I installed RoseTTAFold-All-Atom exactly as instructed, and then completed missing packages,

2005 pip install hydra-core --upgrade
2007 pip install icecream
2009 pip install assertpy
2011 pip install openbabel
2014 pip3 install openbabel
2015 pip install openbabel-wheel
2017 pip install dgl==0.9.1
2019 pip install deepdiff

My test run starts to run correctly, but it dies after hhblit and hhfilter end, I installed everything as suggested and added all missing packages, but some where missing and I installed manually, like hydra and dgl.

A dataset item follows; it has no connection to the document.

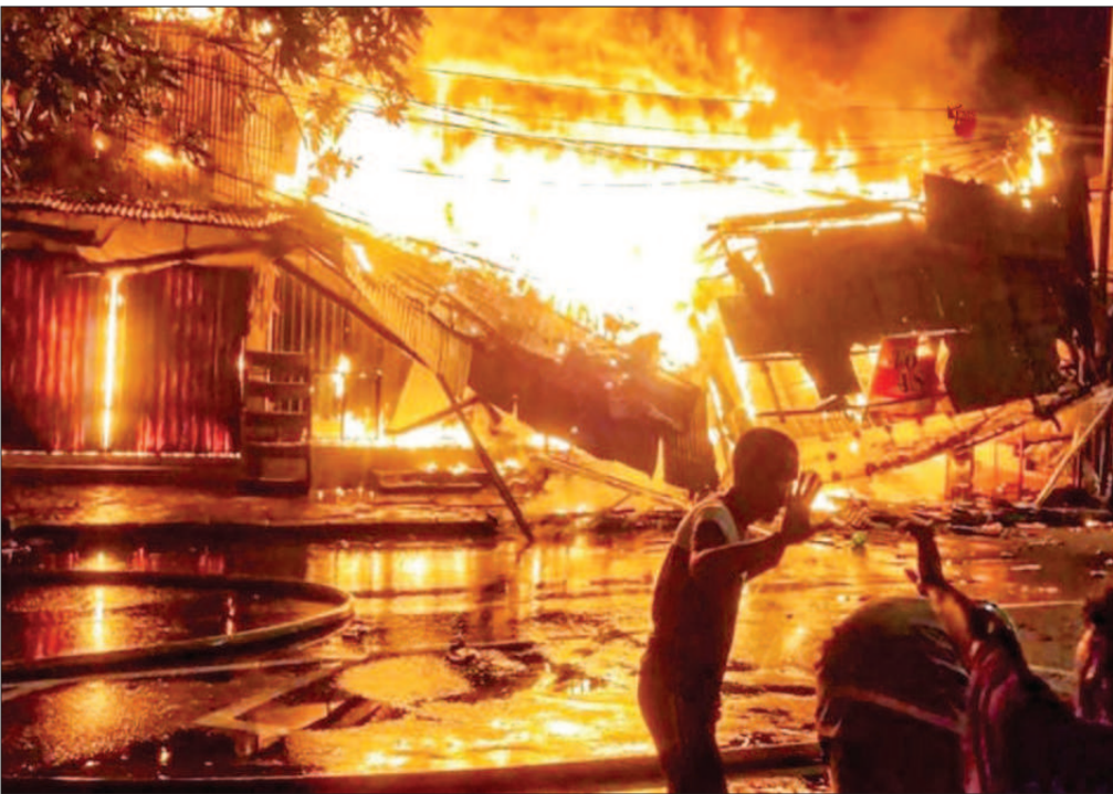
जकार्ता के एक बाजार में लगी आग के बाद मोबाइल से तस्वीरें खींचते हुए एक व्यक्ति।

बर्लिन। विश्व स्वास्थ्य संगठन (डब्ल्यूएचओ) ने कहा है कि यूरोप और अमेरिका में बच्चों को प्रभावित करने वाली युकृत की एक रहस्यमयी बीमारी से एक बच्चे की मौत होने की सूचना मिली है। डब्ल्यूएचओ ने शनिवार को कहा कि उसे अब तक दर्ज-भर देशों से 'अज्ञात स्रोत के एप्यूट हेपटाइटिस' के कम से कम 169 मामलों की जानकारी प्राप्त हुई है। पीड़ितों में एक महीने से लेकर 16 साल तक के बच्चे शामिल हैं और बीमार पड़ने वाले 17 बच्चों को युकृत प्रतिरोषण की जरूरत पड़ी। हालांकि, विश्व स्वास्थ्य संगठन ने यह नहीं बताया कि किस देश में मौत हुई है। इस बीमारी के शुरुआती मामले ब्रिटेन में सामने आए थे जहां 114 बच्चों में इसके लक्षण देखे गए। डब्ल्यूएचओ के एक बयान में कहा गया, 'यह स्पष्ट नहीं है कि हेपटाइटिस के मामले बढ़ रहे हैं या पहले से अधिक मात्रा में हेपटाइटिस के मामले सामने आए हैं जो पहले नहीं आते थे।' विशेषज्ञों का मानना है कि यह मामले टंड से संबंधित वायरस के हो सकते हैं और इसपर अनुसंधान जारी है।

Maybe dgl package it's not the correct version?

How should I try to install it exactly?

Thanks A lot,
Fabian

python -m rf2aa.run_inference --config-name protein.yaml
/home/fabian/localcolabfold/colabfold-conda/lib/python3.10/site-packages/hydra/_internal/defaults_list.py:251: UserWarning: In 'protein.yaml': Defaults list is missing _self_. See https://hydra.cc/docs/1.2/upgrades/1.0_to_1.1/default_composition_order for more information
warnings.warn(msg, UserWarning)
Using the cif atom ordering for TRP.
/home/fabian/RoseTTAFold-All-Atom/rf2aa/chemical.py:20: UserWarning: Using torch.cross without specifying the dim arg is deprecated.
Please either pass the dim explicitly or simply use torch.linalg.cross.
The default value of dim will change to agree with that of linalg.cross in a future release. (Triggered internally at ../aten/src/ATen/native/Cross.cpp:62.)
Z = torch.cross(Xn,Yn)
./make_msa.sh examples/protein/7u7w_A.fasta 7u7w_protein/A 4 64 pdb100_2021Mar03/pdb100_2021Mar03
signalp6 6.0g has not been installed yet.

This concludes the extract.